CogniMap3D: Cognitive 3D Mapping and Rapid Retrieval
Feiran Wang, Junyi Wu, Dawen Cai, Yuan Hong, Yan Yan
TL;DR
CogniMap3D tackles dynamic scene understanding by separating moving objects from static backgrounds while building a persistent memory of static environments. It combines a multi-stage motion cue framework, a cognitive mapping memory that stores and recalls static geometry and features, and a factor-graph based camera-trajectory optimization to refine poses and landmarks. The method demonstrates competitive depth estimation, robust camera pose estimation, and coherent 3D reconstruction across diverse datasets, with clear gains when revisiting previously mapped scenes due to memory recall and map fusion. This memory-augmented approach holds practical significance for autonomous navigation and augmented reality by enabling long-term, drift-resistant scene understanding in changing environments.
Abstract
We present CogniMap3D, a bioinspired framework for dynamic 3D scene understanding and reconstruction that emulates human cognitive processes.
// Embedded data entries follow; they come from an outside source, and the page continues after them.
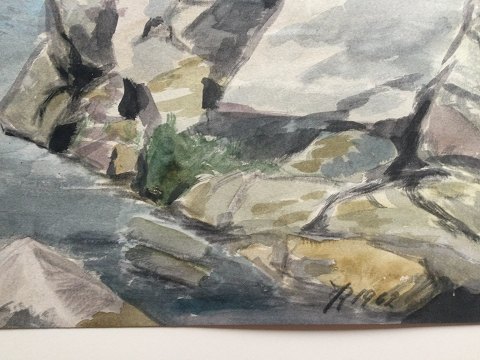 Ubekendt kunstner (20 årh): Kystparti ved Svaneke, Bornholm 1962 Akvarel på papir monteret på pap. Sign.: JR 1962 Betegnet - Svaneke Uden ramme 35x49 - med pap 45x60
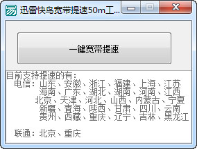 这是一款不错的网络加速器,软件不仅不仅支持电信宽带提速,而且还支持少数联通宽带提速。软件方便简单,能够一键提速到50m,效果显著,赶紧来试试吧。
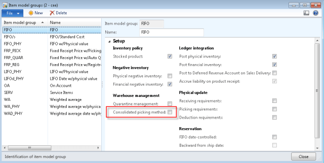 3. If the picking method defined on warehouse of \”According to model group\” then system checks the value of field \”Consolidated picking method\” on the model group defined on item:
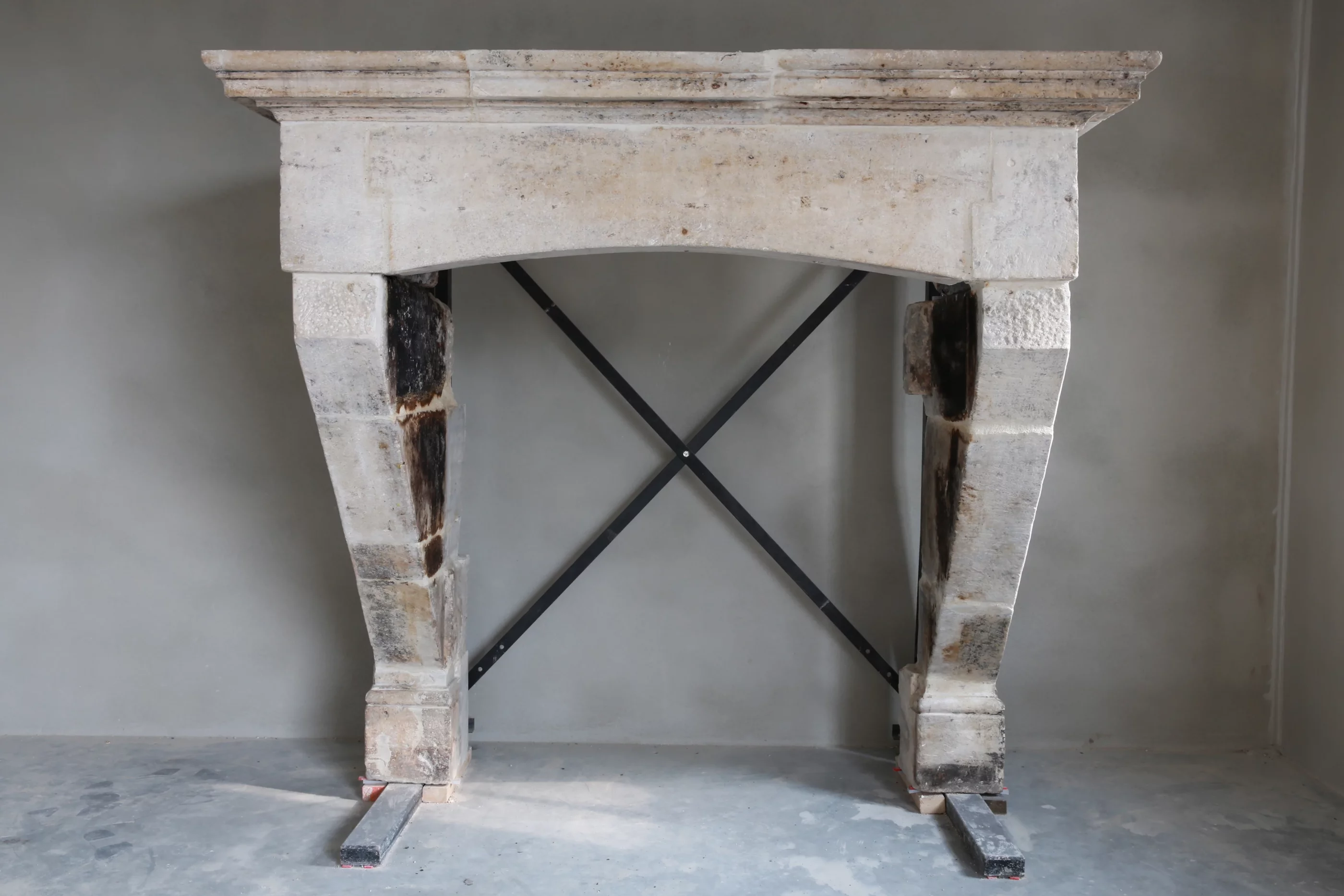 This authentic French castle fireplace comes from the Bordeaux region and dates back to the 19th century. A beautiful fireplace with history and a lot of allure. This fireplace has a double top and a beautiful molding (frame).
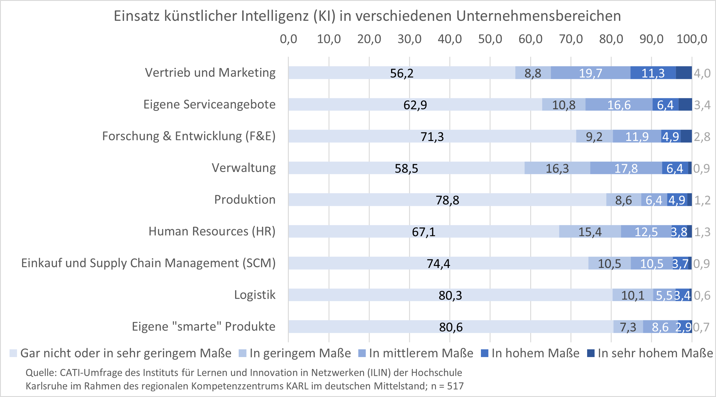 Schaut man sich genauer an, in welcher Intensität und in welchen Unternehmensbereichen KI zum Einsatz kommt, zeigt sich ein differenziertes Bild (Abb. 2). In hohem oder sehr hohem Maße wird KI derzeit mit 15 % am häufigsten in Vertrieb und Marketing genutzt. Dies belegt einerseits die hohen Einsatzpotenziale für Kundendatenanalysen, Prognosen und Segmentierung, andererseits ist der 15 %-Anteil der Unternehmen mit intensiver Nutzung in diesem Bereich durchaus auch ernüchternd. Mit deutlichem Abstand beim KI-Einsatz in (sehr) hohem Maße folgen eigene Serviceangebote (10 %), Forschung und Entwicklung (8 %), Verwaltung (7 %) und Produktion (6 %) der befragten Unternehmen. Der kontrovers diskutierte Einsatz von KI im Personalwesen (HR) findet bislang nur zu 5 % in (sehr) hohem Maße statt. Weniger als 4 % geben an, KI in (sehr) hohem Maße für eigene smarte Produkte einzusetzen. „Bei der Entwicklung eigener Produkte mit smarten Funktionen scheinen sich die Unternehmen derzeit noch schwer zu tun, attraktive Anwendungsfälle zu identifizieren, die einen besseren Kundennutzen versprechen und vom Kunden auch entsprechend honoriert werden“, so Prof. Dr. Steffen Kinkel aus der Fakultät für Informatik und Wirtschafsinformatik sowie Leiter des ILIN „Leichter tun sich die Unternehmen beim KI-Einsatz in den eigenen Serviceangeboten. Diese Technologie könnte daher auch die weitere Dienstleistungsorientierung (Servitization) der bislang sehr produktlastigen deutschen Industrie vorantreiben.“
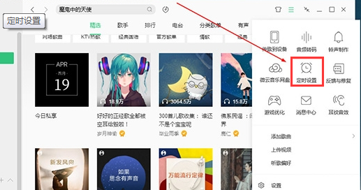 第一步,打开QQ音乐客户端,在主页面右上角的也换肤旁边有一个【设置】按钮,点击展开之后,选择【定时设置】选项。
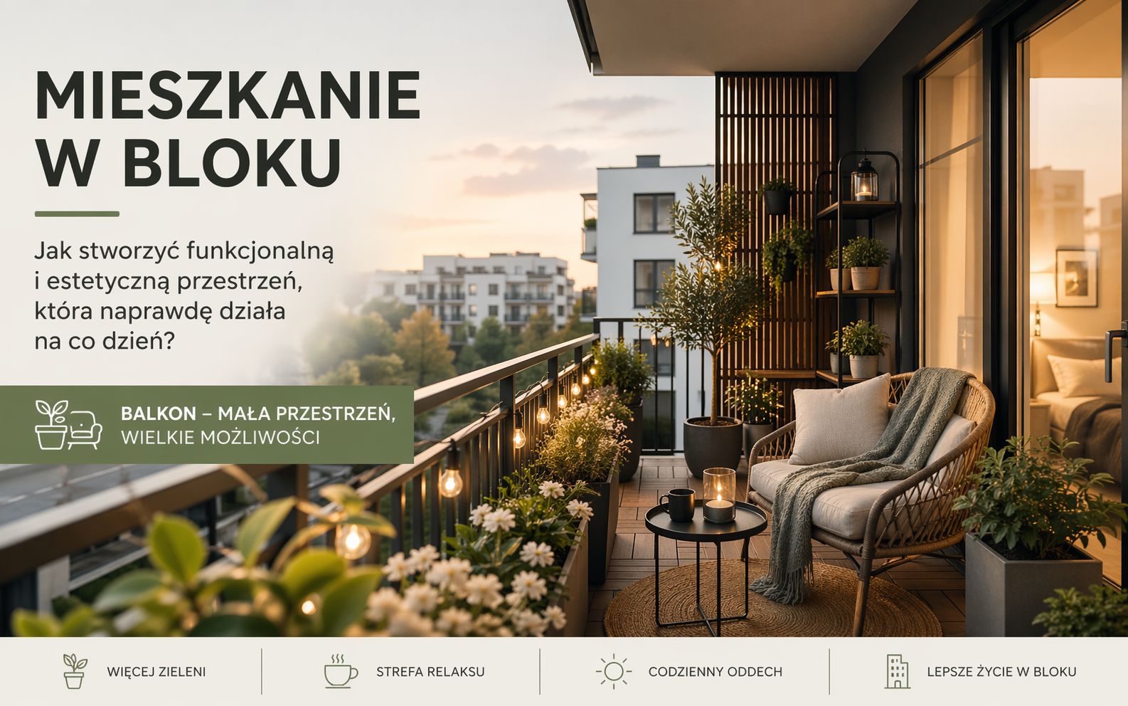 Mieszkanie w bloku nie oznacza rezygnacji z estetyki czy kontaktu z naturą. Wręcz przeciwnie – przy dobrze przemyślanym podejściu można stworzyć funkcjonalną, dopracowaną przestrzeń, która realnie wpływa na komfort życia.
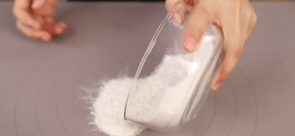 3. Put medium gluten flour, sugar, baking powder and salt together and mix well.
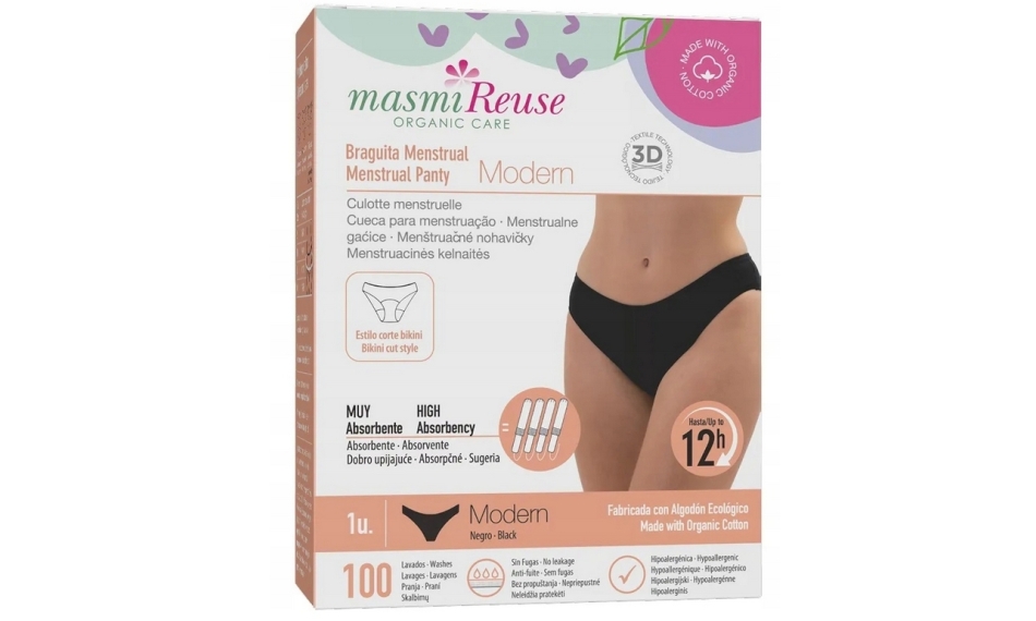 Przy stosowaniu się do zaleceń producenta dotyczących prania i suszenia bielizna menstruacyjna Masmi zachowa swoje właściwości nawet do 400 prań! Artykuły higieniczne wielorazowego użytku zapewniają bezpieczeństwo, wysoką chłonność, pełną swobodę ruchów, duży komfort i jednocześnie są bardzo ekonomiczne.

Our approach maintains a persistent memory bank of static scenes, enabling efficient spatial knowledge storage and rapid retrieval. CogniMap3D integrates three core capabilities: a multi-stage motion cue framework for identifying dynamic objects, a cognitive mapping system for storing, recalling, and updating static scenes across multiple visits, and a factor graph optimization strategy for refining camera poses. Given an image stream, our model identifies dynamic regions through motion cues with depth and camera pose priors, then matches static elements against its memory bank. When revisiting familiar locations, CogniMap3D retrieves stored scenes, relocates cameras, and updates memory with new observations. Evaluations on video depth estimation, camera pose reconstruction, and 3D mapping tasks demonstrate its state-of-the-art performance, while effectively supporting continuous scene understanding across extended sequences and multiple visits.